**What this task involves:** Please copy every record below exactly and leave out the pictures.

**Input for this task:**

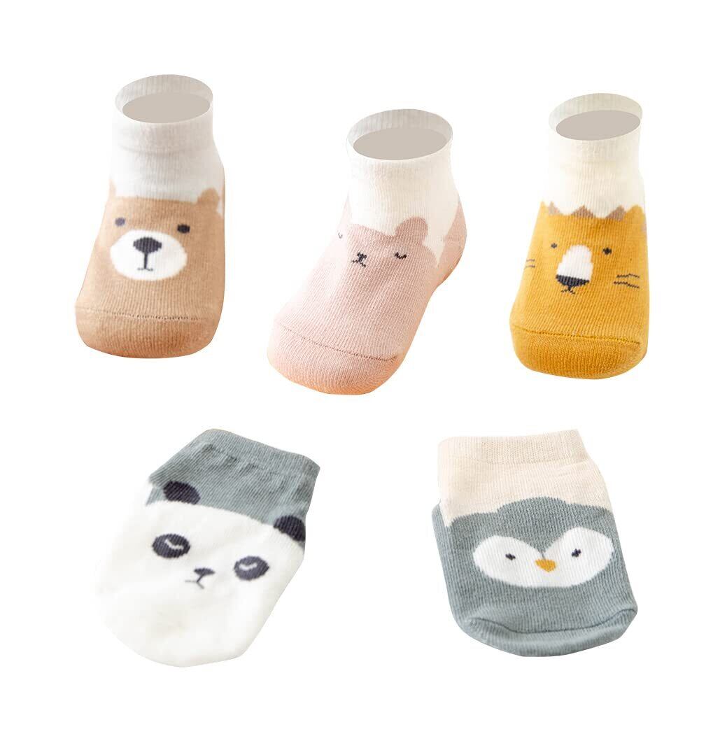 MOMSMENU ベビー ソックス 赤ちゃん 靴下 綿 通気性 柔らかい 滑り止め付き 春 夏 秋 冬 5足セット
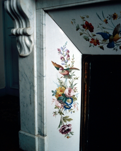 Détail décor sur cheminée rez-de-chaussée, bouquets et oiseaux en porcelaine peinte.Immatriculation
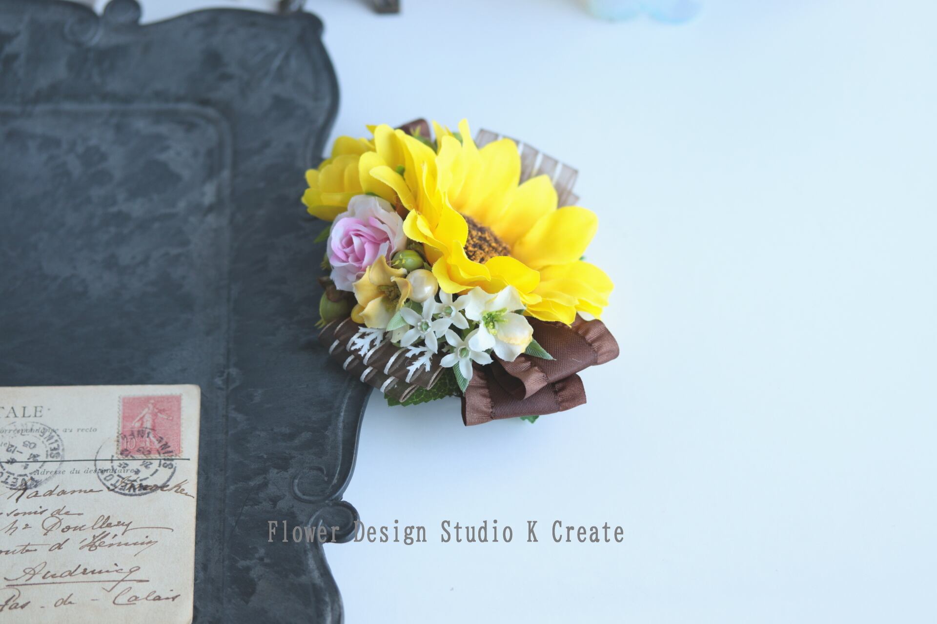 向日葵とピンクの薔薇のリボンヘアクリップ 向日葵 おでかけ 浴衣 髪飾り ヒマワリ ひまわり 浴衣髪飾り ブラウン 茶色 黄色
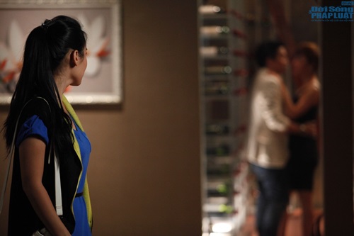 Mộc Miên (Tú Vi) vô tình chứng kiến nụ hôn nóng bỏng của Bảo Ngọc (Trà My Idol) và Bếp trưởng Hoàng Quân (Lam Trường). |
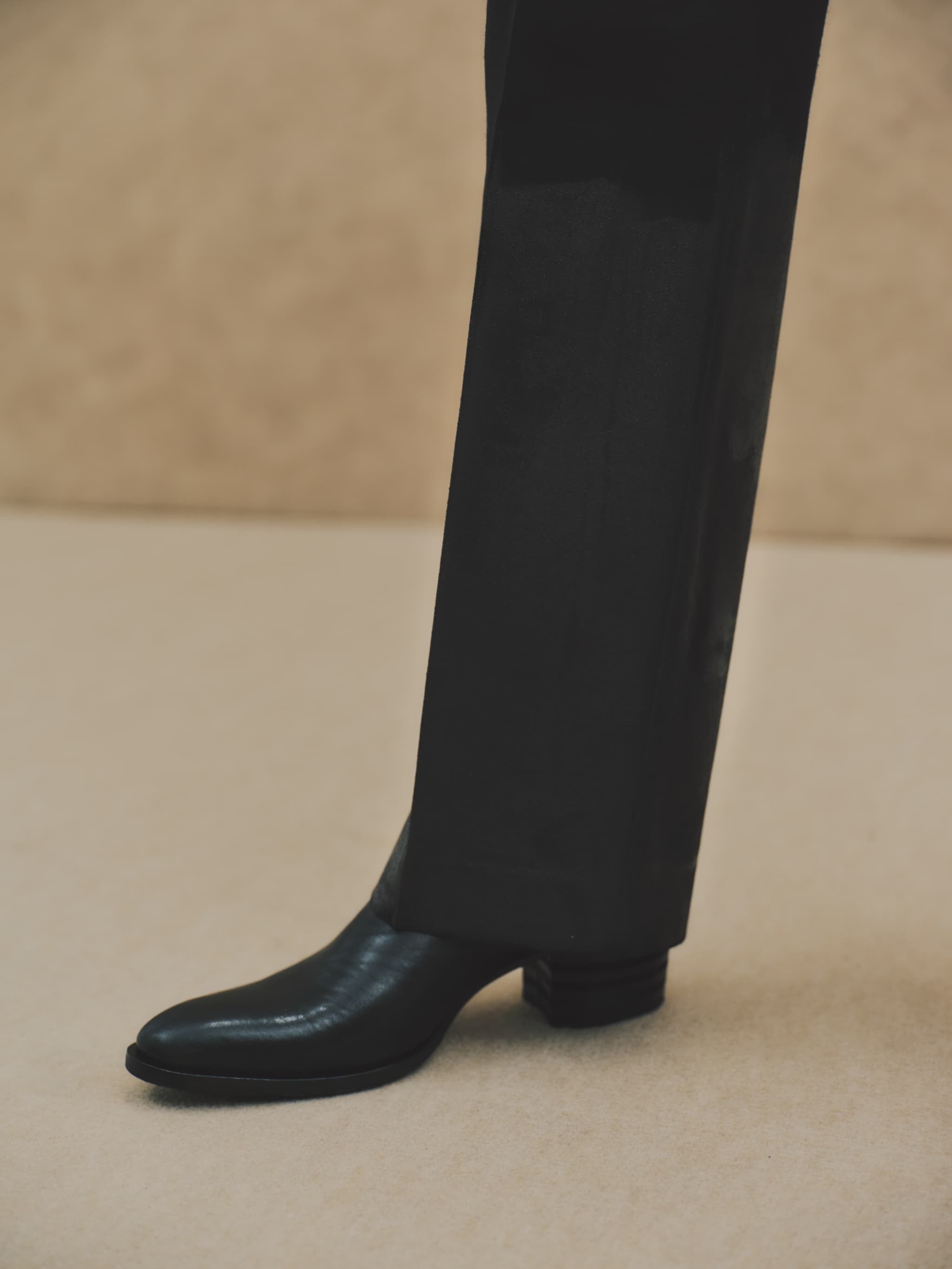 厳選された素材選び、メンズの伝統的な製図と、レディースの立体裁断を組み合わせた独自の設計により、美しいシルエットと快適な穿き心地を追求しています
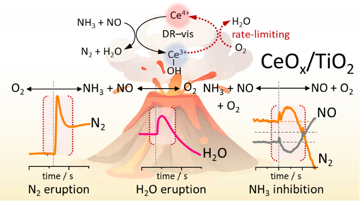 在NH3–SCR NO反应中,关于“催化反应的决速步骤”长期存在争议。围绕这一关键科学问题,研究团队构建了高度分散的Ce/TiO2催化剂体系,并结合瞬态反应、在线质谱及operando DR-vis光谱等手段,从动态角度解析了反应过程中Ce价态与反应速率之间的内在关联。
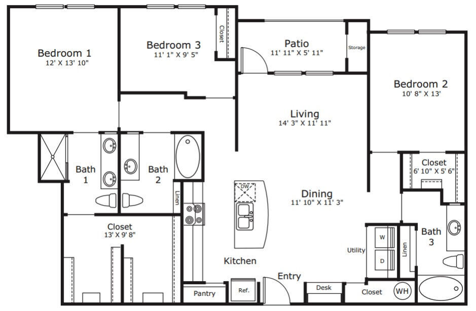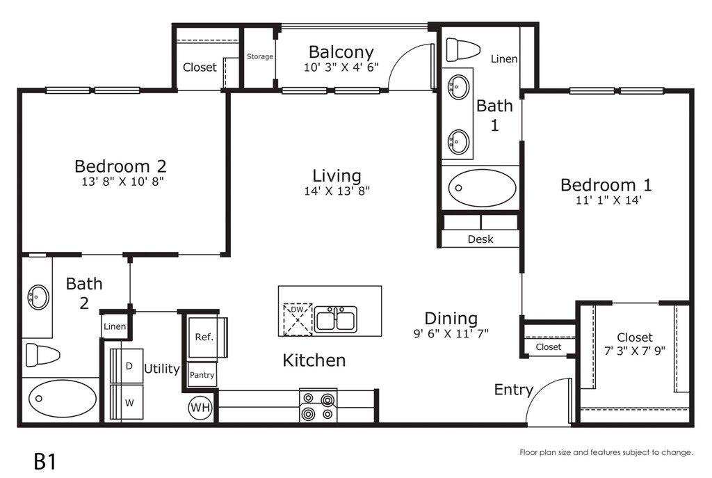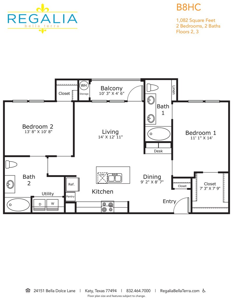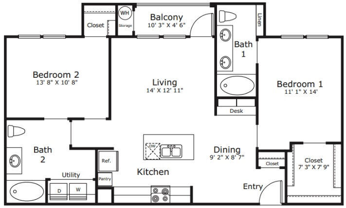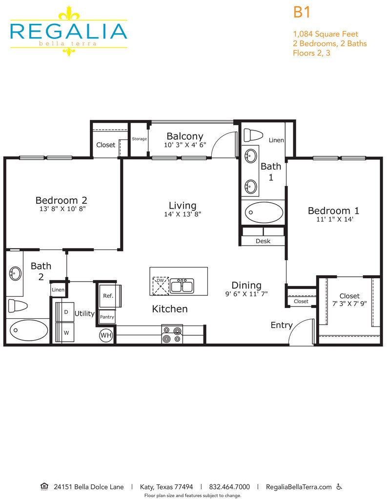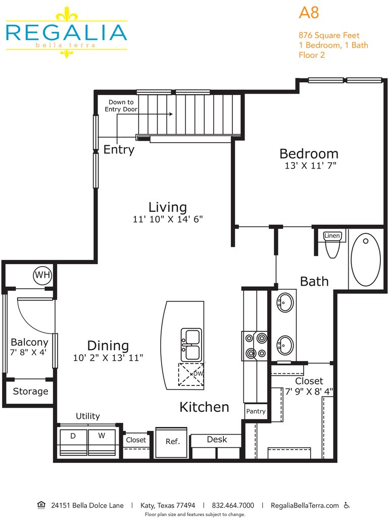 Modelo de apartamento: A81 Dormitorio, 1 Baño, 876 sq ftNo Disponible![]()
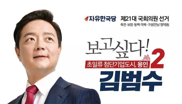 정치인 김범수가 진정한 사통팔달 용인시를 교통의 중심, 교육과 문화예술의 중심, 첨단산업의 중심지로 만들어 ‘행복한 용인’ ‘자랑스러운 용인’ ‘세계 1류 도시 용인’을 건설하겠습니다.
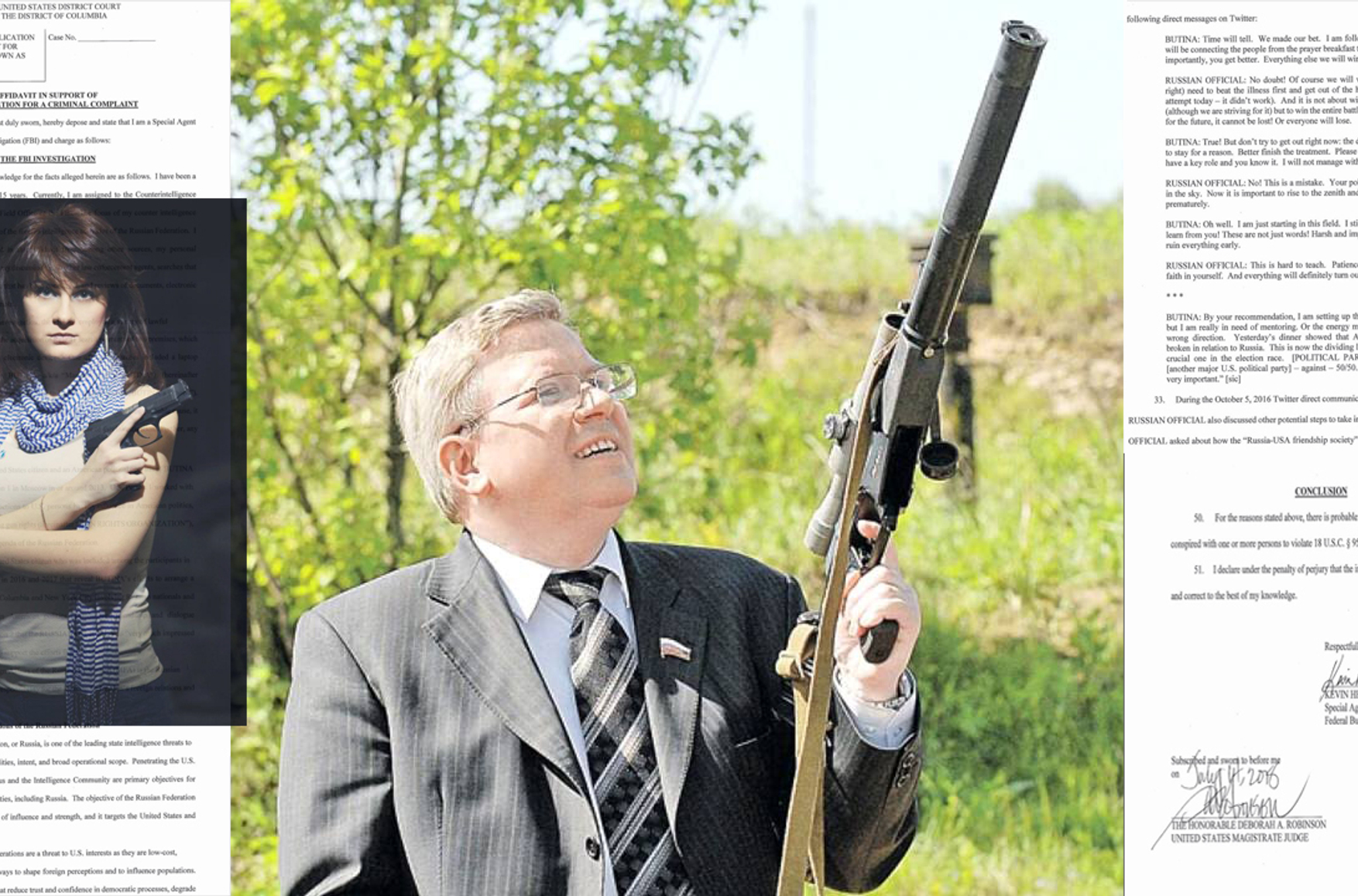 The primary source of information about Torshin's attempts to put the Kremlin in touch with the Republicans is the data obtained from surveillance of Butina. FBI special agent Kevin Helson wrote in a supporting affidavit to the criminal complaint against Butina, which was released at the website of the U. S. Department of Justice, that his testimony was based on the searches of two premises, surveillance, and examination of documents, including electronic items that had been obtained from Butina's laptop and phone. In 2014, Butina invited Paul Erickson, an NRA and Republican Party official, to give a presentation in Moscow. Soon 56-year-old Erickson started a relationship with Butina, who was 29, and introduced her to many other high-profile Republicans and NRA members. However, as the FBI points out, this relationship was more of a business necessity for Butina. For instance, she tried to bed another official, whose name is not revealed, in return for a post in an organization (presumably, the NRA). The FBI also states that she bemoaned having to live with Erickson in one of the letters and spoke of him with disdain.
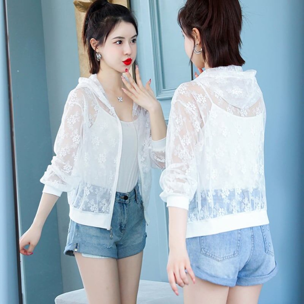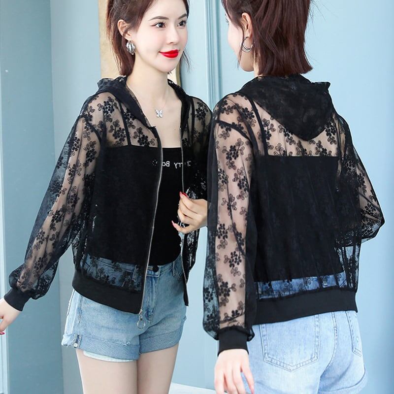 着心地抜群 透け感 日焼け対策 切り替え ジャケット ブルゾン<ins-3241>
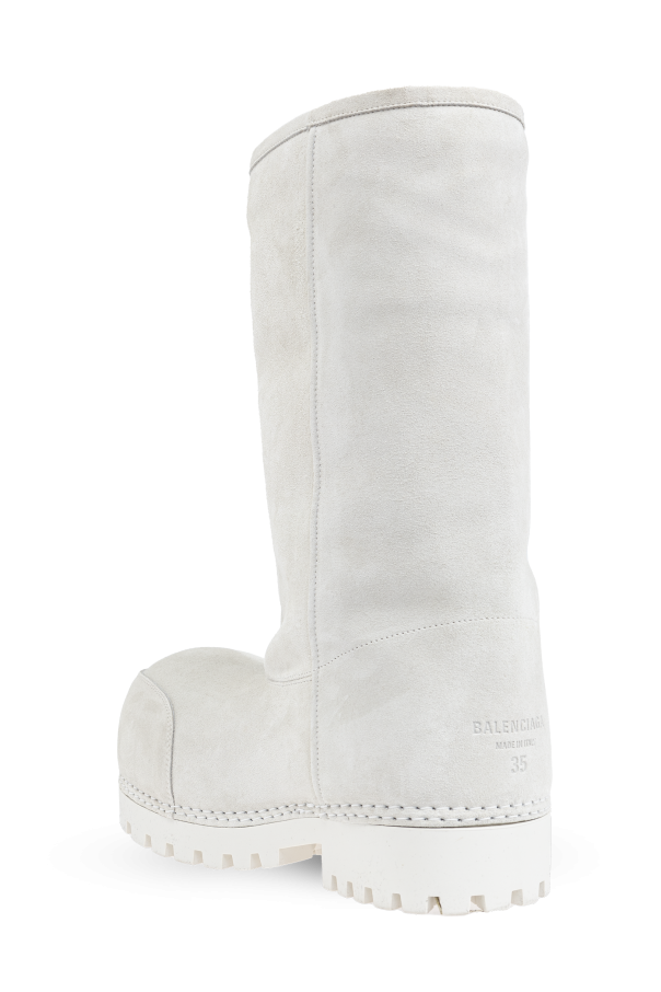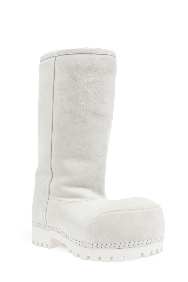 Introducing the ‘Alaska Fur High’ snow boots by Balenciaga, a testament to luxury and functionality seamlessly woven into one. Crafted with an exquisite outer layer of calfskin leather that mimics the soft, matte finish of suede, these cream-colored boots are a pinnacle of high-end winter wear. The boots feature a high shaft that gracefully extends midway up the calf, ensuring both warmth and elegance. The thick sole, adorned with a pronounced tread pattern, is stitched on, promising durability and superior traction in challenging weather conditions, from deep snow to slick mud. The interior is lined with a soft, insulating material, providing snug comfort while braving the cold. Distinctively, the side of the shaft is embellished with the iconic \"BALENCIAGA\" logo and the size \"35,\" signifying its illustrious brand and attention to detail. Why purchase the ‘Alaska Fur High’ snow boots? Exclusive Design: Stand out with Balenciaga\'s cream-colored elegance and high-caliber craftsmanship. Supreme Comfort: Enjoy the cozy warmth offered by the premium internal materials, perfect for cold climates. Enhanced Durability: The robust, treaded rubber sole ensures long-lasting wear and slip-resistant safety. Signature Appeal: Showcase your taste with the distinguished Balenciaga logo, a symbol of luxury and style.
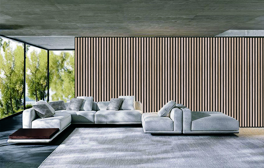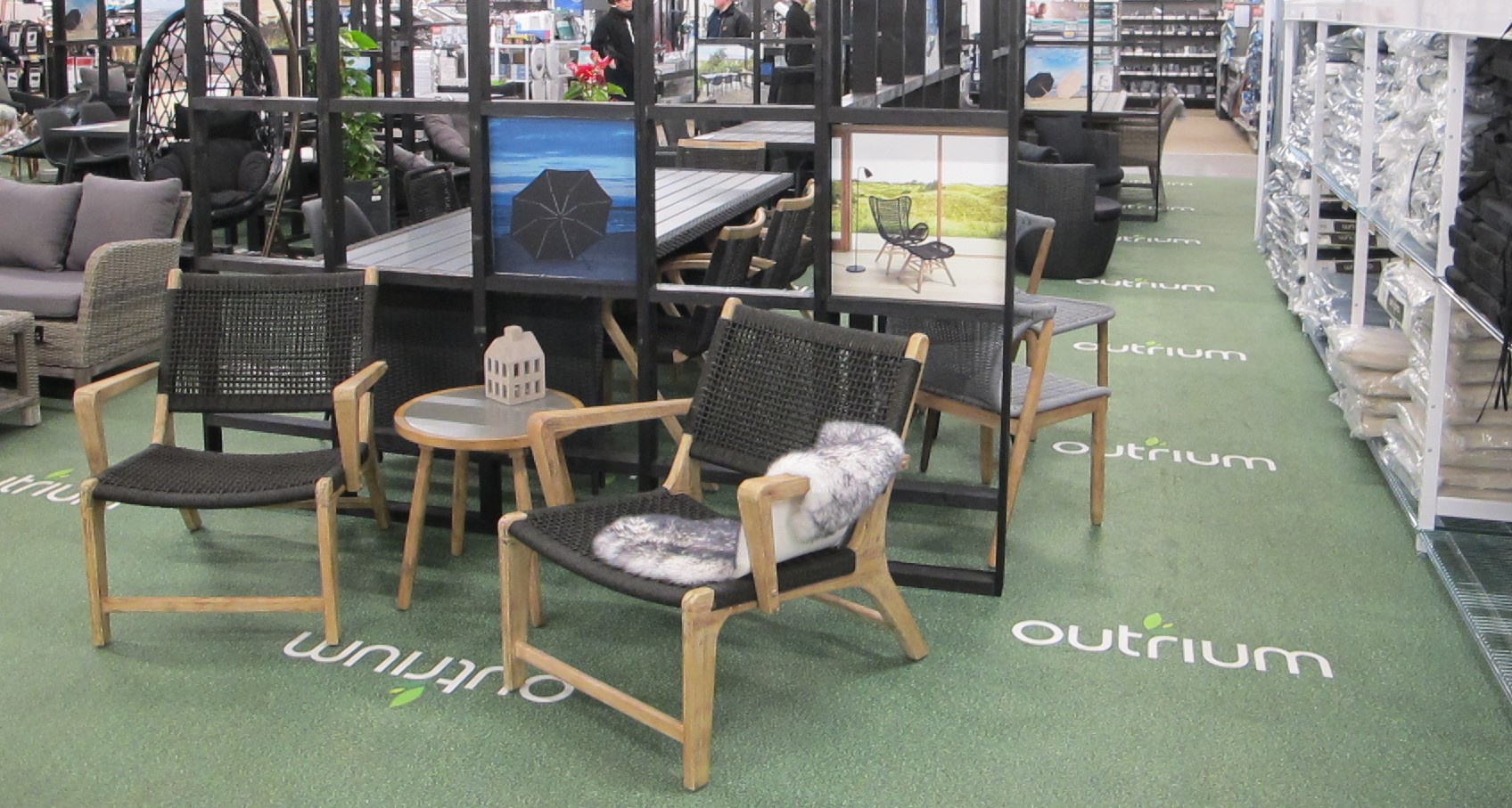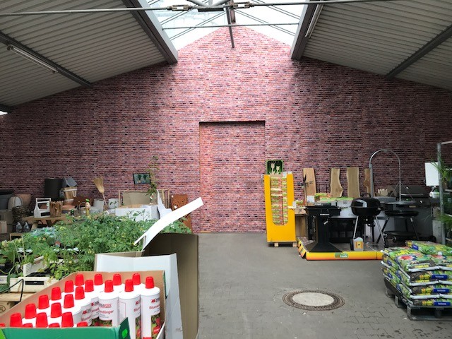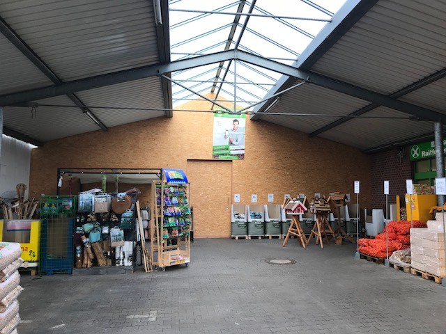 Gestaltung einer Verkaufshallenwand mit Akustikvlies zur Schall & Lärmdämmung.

**Expected answer:**
 MOMSMENU ベビー ソックス 赤ちゃん 靴下 綿 通気性 柔らかい 滑り止め付き 春 夏 秋 冬 5足セット
 Détail décor sur cheminée rez-de-chaussée, bouquets et oiseaux en porcelaine peinte.Immatriculation
 向日葵とピンクの薔薇のリボンヘアクリップ 向日葵 おでかけ 浴衣 髪飾り ヒマワリ ひまわり 浴衣髪飾り ブラウン 茶色 黄色
 Mộc Miên (Tú Vi) vô tình chứng kiến nụ hôn nóng bỏng của Bảo Ngọc (Trà My Idol) và Bếp trưởng Hoàng Quân (Lam Trường). |
 厳選された素材選び、メンズの伝統的な製図と、レディースの立体裁断を組み合わせた独自の設計により、美しいシルエットと快適な穿き心地を追求しています
 在NH3–SCR NO反应中,关于“催化反应的决速步骤”长期存在争议。围绕这一关键科学问题,研究团队构建了高度分散的Ce/TiO2催化剂体系,并结合瞬态反应、在线质谱及operando DR-vis光谱等手段,从动态角度解析了反应过程中Ce价态与反应速率之间的内在关联。
 Modelo de apartamento: A81 Dormitorio, 1 Baño, 876 sq ftNo Disponible![]()
 정치인 김범수가 진정한 사통팔달 용인시를 교통의 중심, 교육과 문화예술의 중심, 첨단산업의 중심지로 만들어 ‘행복한 용인’ ‘자랑스러운 용인’ ‘세계 1류 도시 용인’을 건설하겠습니다.
 The primary source of information about Torshin's attempts to put the Kremlin in touch with the Republicans is the data obtained from surveillance of Butina. FBI special agent Kevin Helson wrote in a supporting affidavit to the criminal complaint against Butina, which was released at the website of the U. S. Department of Justice, that his testimony was based on the searches of two premises, surveillance, and examination of documents, including electronic items that had been obtained from Butina's laptop and phone. In 2014, Butina invited Paul Erickson, an NRA and Republican Party official, to give a presentation in Moscow. Soon 56-year-old Erickson started a relationship with Butina, who was 29, and introduced her to many other high-profile Republicans and NRA members. However, as the FBI points out, this relationship was more of a business necessity for Butina. For instance, she tried to bed another official, whose name is not revealed, in return for a post in an organization (presumably, the NRA). The FBI also states that she bemoaned having to live with Erickson in one of the letters and spoke of him with disdain.
 着心地抜群 透け感 日焼け対策 切り替え ジャケット ブルゾン<ins-3241>
 Introducing the ‘Alaska Fur High’ snow boots by Balenciaga, a testament to luxury and functionality seamlessly woven into one. Crafted with an exquisite outer layer of calfskin leather that mimics the soft, matte finish of suede, these cream-colored boots are a pinnacle of high-end winter wear. The boots feature a high shaft that gracefully extends midway up the calf, ensuring both warmth and elegance. The thick sole, adorned with a pronounced tread pattern, is stitched on, promising durability and superior traction in challenging weather conditions, from deep snow to slick mud. The interior is lined with a soft, insulating material, providing snug comfort while braving the cold. Distinctively, the side of the shaft is embellished with the iconic \"BALENCIAGA\" logo and the size \"35,\" signifying its illustrious brand and attention to detail. Why purchase the ‘Alaska Fur High’ snow boots? Exclusive Design: Stand out with Balenciaga\'s cream-colored elegance and high-caliber craftsmanship. Supreme Comfort: Enjoy the cozy warmth offered by the premium internal materials, perfect for cold climates. Enhanced Durability: The robust, treaded rubber sole ensures long-lasting wear and slip-resistant safety. Signature Appeal: Showcase your taste with the distinguished Balenciaga logo, a symbol of luxury and style.
 Gestaltung einer Verkaufshallenwand mit Akustikvlies zur Schall & Lärmdämmung.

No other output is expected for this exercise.